A formação inicial destes trabalhadores é inexistente para o exercício de funções muito específicas, e considerando que muitos vão trabalhar nas escolas com crianças qual o perfil destes funcionários operacionais?
Findo os 9 meses, já formados, não são contratados, sendo substituídos por outros tantos, recomeçam os constrangimentos para a entidade “empregadora” e para os “novos formandos”, fomentando a e onde não deveria existir. Não pode valer tudo! Devemos questionar as razões que permitem manter esta precariedade laboral no sector público, quando as restrições à contratação diminuíram e é apregoado um cenário de crescimento económico.
Porque razão manter esta precariedade laboral no sector privado, estimulado pelos Programas de estágios em contexto de trabalho subsidiados por todos nós, onde se sucedem os formandos que ocupam postos de trabalho efetivos? Se por um lado contribuem para a diminuição dos custos de produção aliviando os encargos das empresas, por outro servem para a manutenção ou redução de salários, precarizando e desvalorizando o trabalho.

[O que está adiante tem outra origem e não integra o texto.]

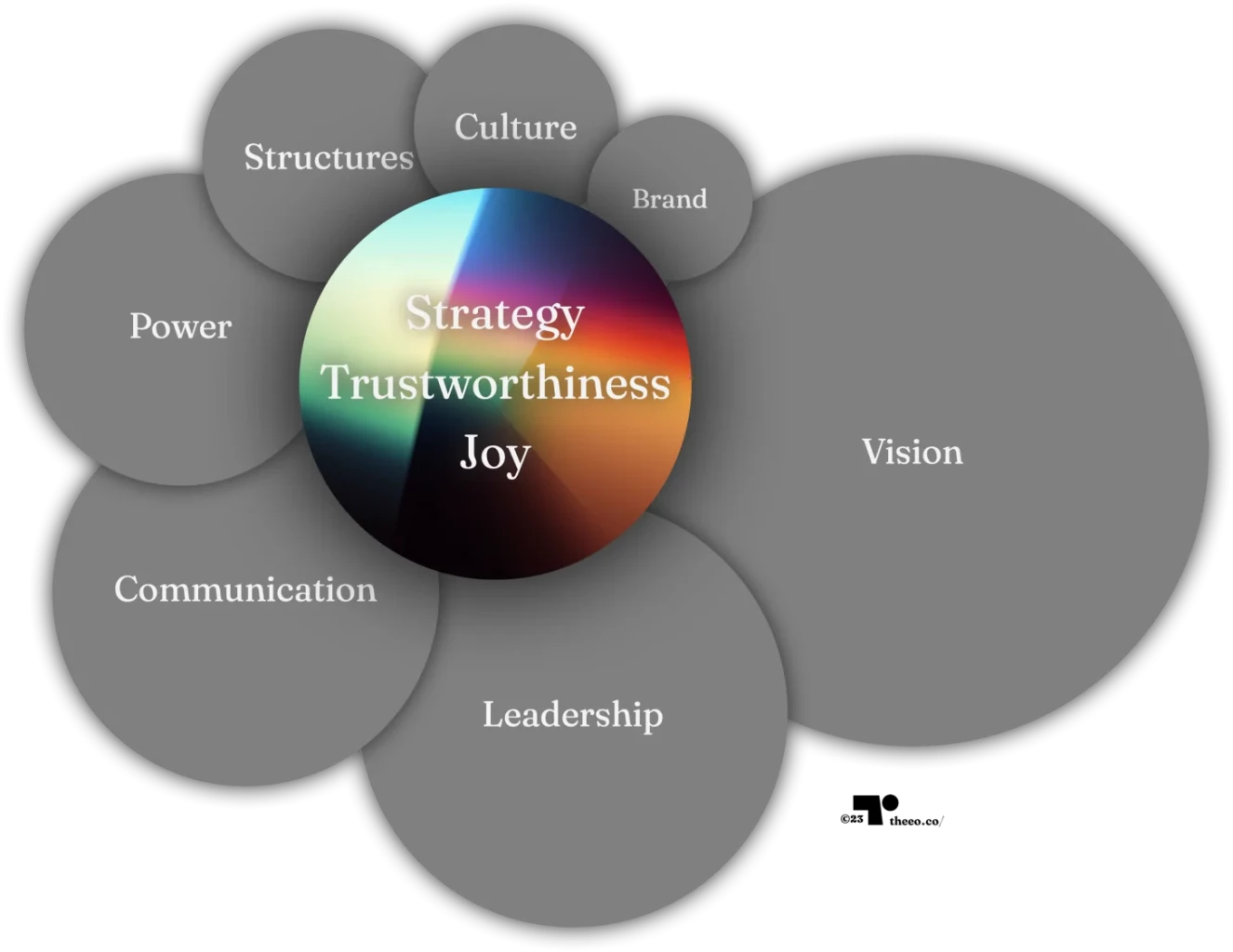 The image illustrates how strategy, trustworthiness, and joy sit at the heart of interconnected business elements like Culture, Leadership, Communication, Power, Structures, Brand, and Vision. Measuring and improving these metrics gives leaders a clear, systemic view of transformation unfolding across the organisation – moving beyond surveys of the past.

O “mais vale pouco que nada” não pode ser argumento válido numa sociedade moderna. Este lamento resignado de muitos trabalhadores não pode ser a justificação de alguns que nos procuram convencer na inevitabilidade desta forma de exploração. Não podemos permitir que se perpetuem as “vidas adiadas” durante anos a fio.
Os Programas de valorização do comércio permitem abertura de novos espaços e a modernização dos existentes, mas não criam clientes que apenas compram por necessidade e se tiverem poder de compra que lhe advém do rendimento do trabalho por si prestado. Desta forma, a valorização do trabalho é um investimento na economia real, uma vez que aumenta o rendimento, estimula a procura e o aumento da produção, e consequentemente a criação de empregos.
O trabalho e a sua retribuição deverá ser, obrigatoriamente, capaz de permitir o seu sustento autónomo. Enquanto tal não é, ainda, possível, exigem-se medidas de políticas sociais e laborais que favorecem a sua concretização. Certamente um excelente investimento que beneficia a economia e as condições de vida da população e um necessário passo para a dignificação dos trabalhadores.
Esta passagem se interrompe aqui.